The indemnity provision essentially protects a party from a third-party.
- So, if we take the above example of the child getting harmed at the splash park, if the parents of that child sue the contractor and the contractor has to hire an attorney to defend against that, they can then go after the subcontractor, let's say who caused the defective condition, and recover attorney fees because it's a third party suing the general for that.
- The indemnity is going to cover that third party claim.
- However, if the claim is just between the general contractor and the sub who have the subcontract provision or the indemnity provision, then it doesn't apply.
Key Takeaway
So, as construction professionals, it is vital that you are aware of the indemnity provision included in your contract and the rules and exceptions to it. Because remember that if you have an indemnity obligation in your contract, that's going to shift the entire liability to you if you're obligated to do that.
If you find yourself facing issues, don't hesitate to reach out for guidance and support. SunRay can provide valuable assistance and expertise to help you navigate the complexities of construction payment disputes in Iowa. Call 800-403-7660 today and get paid what you deserve!
Common Questions Iowa Contractors Ask
Are indemnity clauses enforceable in Iowa?
Yes, indemnity clauses are generally enforceable in Iowa. However, they must be clearly written and specific to be upheld in court.
Can an indemnity clause be negotiated?
Yes, indemnity clauses can and should be negotiated to ensure fair risk allocation. Contractors should seek legal advice to negotiate terms that are reasonable and protective of their interests.
How does an indemnity clause impact subcontractor?

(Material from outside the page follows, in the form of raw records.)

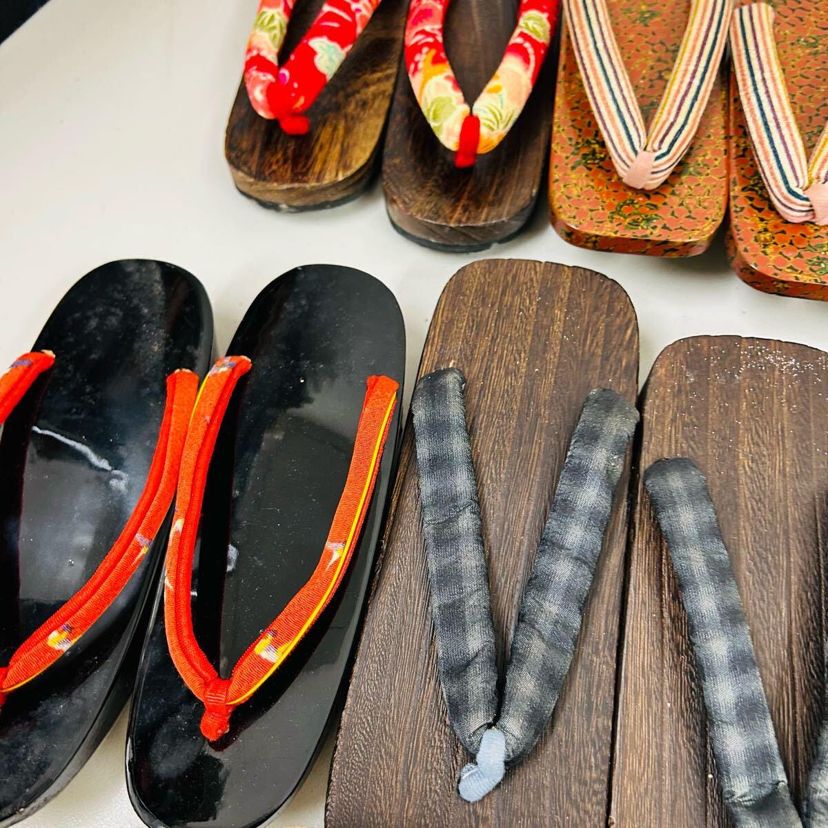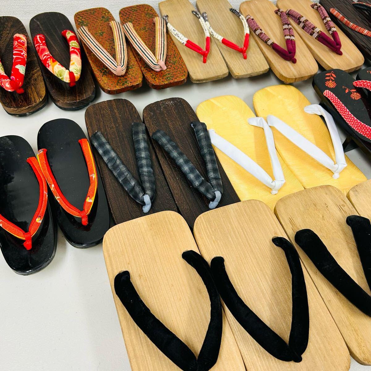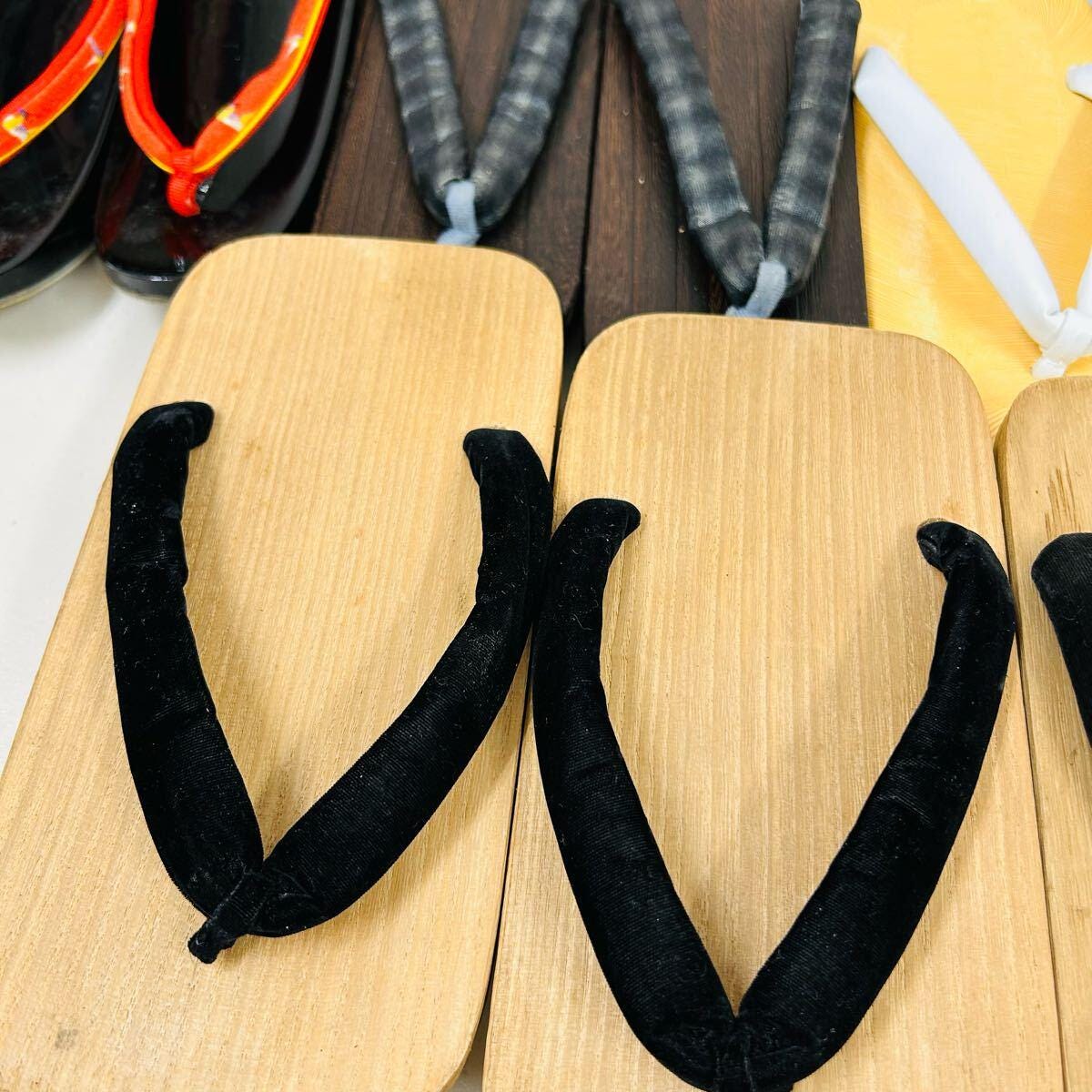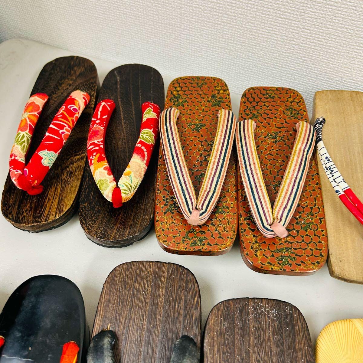 This is a large lot of 13 pairs of vintage Japanese Geta sandals, a traditional form of Japanese footwear. Geta are wooden sandals historically used since the Edo period to elevate the feet and provide excellent ventilation. They are composed of a flat wooden base and a fabric thong, known as a hanao, which is worn between the toes. They are typically worn with kimonos or yukatas. 👘
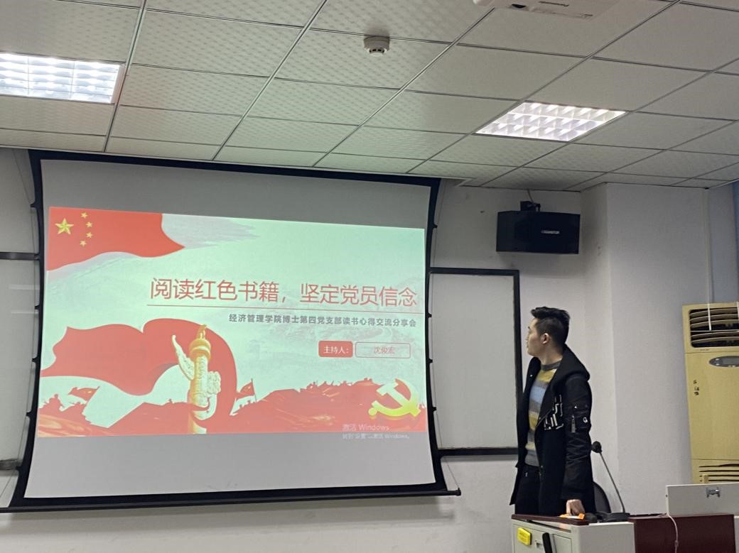 英国上市365官网博士研究生第四党支部于2023年4月24日晚7点在九里校区信息楼0304教室开展题为“阅读红色书籍,坚定党员信念”读书心得交流分享会。首先,党支部书记沈俊宏同志介绍了本次读书心得交流分享会活动,说明了开展此次活动的背景、目的以及安排。
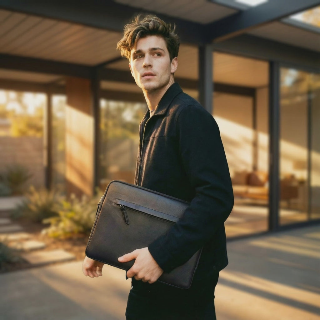 iPad Pro und Air Hülle ANGUS aus Leder Farbe: Schwarz Größe: iPad Pro/Air 11 / 10.9 + Magic Keyboard Pack & Smooch
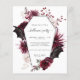 A unique floral water colour coffin cutout and bat wings are the centre piece of this design. This design mixes elegance and goth.
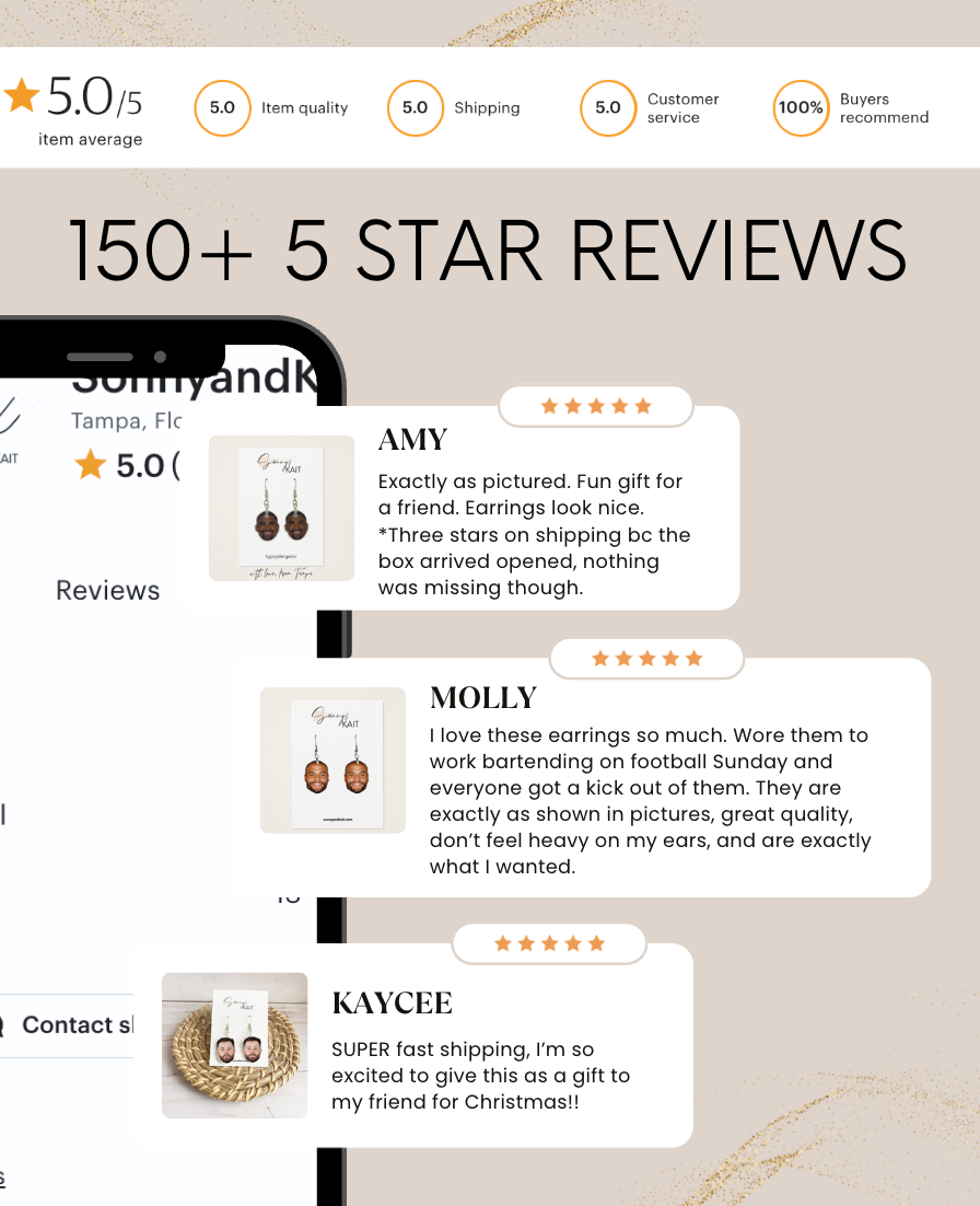 These handmade acrylic earrings are crafted with *hypoallergenic*, nickel-free findings—perfect for sensitive ears. Every pair is professionally printed and laser-cut in the USA, then lovingly designed and assembled in Tampa, Florida, by Sonny & Kait.

Subcontractors may be required to indemnify the general contractor and the project owner for certain liabilities. It’s crucial for subcontractors to understand the scope of these obligations before signing the contract.
Can an indemnity clause be voided in Iowa?
Indemnity clauses can be challenged in court if they are found to be overly broad or unfairly burdensome. Iowa courts may void such clauses if they are against public policy or if they indemnify a party for their own negligence.